(Reuters) -American Airlines Group Inc on Thursday forecast returning to profitability in March, after reporting a smaller fourth-quarter loss, but said cost pressures would remain elevated this year due to the Omicron coronavirus variant-induced turmoil.FILE PHOTO: A jet from American Eagle, a regional branch of American Airlines (AA), takes off past other AA aircraft at Ronald Reagan Washington National Airport in Arlington, Virginia, U.S. December 3, 2021. REUTERS/Chris Helgren/File Photo
The Texas-based carrier said ticket sales are still not back to pre-Omicron levels, but they are recovering “quickly” after dropping off “considerably” in early December.
The company said domestic leisure and short-haul international traffic were approaching their 2019 levels, but demand for long-haul international remained challenged.
Domestic business travel, which accounted for 30% of the company’s 2019 passenger revenue, recovered in the latest quarter to about 70% of the pre-pandemic level.

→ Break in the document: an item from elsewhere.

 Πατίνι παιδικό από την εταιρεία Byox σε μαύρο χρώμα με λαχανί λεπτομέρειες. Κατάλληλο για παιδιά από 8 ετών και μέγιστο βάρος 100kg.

American, however, said the volatility in travel demand due to new COVID-19 variants has created “the most challenging planning environment in the history of commercial aviation”.
The carrier plans to match its capacity with bookings trends. It expects its capacity in the quarter through March to be down about 8% to 10% compared to the same period in 2019. Full-year capacity is projected to be 5% lower than in the pre-pandemic year.

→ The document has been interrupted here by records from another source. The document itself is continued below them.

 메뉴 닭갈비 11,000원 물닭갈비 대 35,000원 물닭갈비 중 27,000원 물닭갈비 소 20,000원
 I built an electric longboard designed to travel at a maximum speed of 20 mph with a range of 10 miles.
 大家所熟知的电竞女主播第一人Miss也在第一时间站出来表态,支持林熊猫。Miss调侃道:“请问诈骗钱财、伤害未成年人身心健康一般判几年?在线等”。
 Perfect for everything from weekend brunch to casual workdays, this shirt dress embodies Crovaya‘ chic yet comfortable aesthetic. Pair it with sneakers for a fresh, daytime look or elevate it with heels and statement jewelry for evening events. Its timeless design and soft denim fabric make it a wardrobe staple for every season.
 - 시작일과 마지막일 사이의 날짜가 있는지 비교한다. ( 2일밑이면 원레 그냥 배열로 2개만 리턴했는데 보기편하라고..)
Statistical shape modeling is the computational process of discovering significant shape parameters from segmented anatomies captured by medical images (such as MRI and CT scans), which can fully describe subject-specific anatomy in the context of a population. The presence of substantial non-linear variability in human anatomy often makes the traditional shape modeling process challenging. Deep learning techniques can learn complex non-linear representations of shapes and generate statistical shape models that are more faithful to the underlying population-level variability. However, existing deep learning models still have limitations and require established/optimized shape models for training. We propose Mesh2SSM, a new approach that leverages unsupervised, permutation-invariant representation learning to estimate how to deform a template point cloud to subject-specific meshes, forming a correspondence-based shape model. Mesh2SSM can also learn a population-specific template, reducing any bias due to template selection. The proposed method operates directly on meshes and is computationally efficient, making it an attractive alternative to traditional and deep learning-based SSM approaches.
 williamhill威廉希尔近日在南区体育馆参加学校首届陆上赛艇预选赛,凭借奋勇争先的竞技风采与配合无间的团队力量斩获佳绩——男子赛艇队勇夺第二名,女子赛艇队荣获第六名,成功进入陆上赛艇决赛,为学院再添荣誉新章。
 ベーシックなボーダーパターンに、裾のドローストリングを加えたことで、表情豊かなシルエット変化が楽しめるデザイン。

Its revenue in the current quarter is estimated to be down 20% to 22% versus the first quarter of 2019 due to the Omicron variant’s impact on demand in the first two months of the quarter.
Shares of the company were up 1% at $17.48 in morning trade.
U.S. carriers benefited from millions of Americans flying in November and December.
Demand during Christmas Eve and New Year’s Eve was strong as well, although mass flight cancellations towards the end of the year due to rising COVID-19 infections among employees and inclement weather meant airlines could not fully tap that demand.
American said the impact of rising COVID-19 cases on travel demand, along with elevated fuel prices, would pressure its profits in near-term. Higher wages and increased training costs are also pinching the company.
The carrier said it plans to hire another 18,000 employees this year after adding 16,000 new team members last year.
It expects higher costs in the current quarter than in the same period in 2019. Overall, costs this year are now expected to be 5% higher than in 2019.
On an adjusted basis, American reported a loss of $1.42 per share for the quarter through December, compared with a loss of $3.86 per share a year ago. Analysts surveyed by Refinitiv, on average, had expected a quarterly loss of $1.48 per share.
Operating revenue for the quarter rose to $9.43 billion from $4.03 billion a year earlier.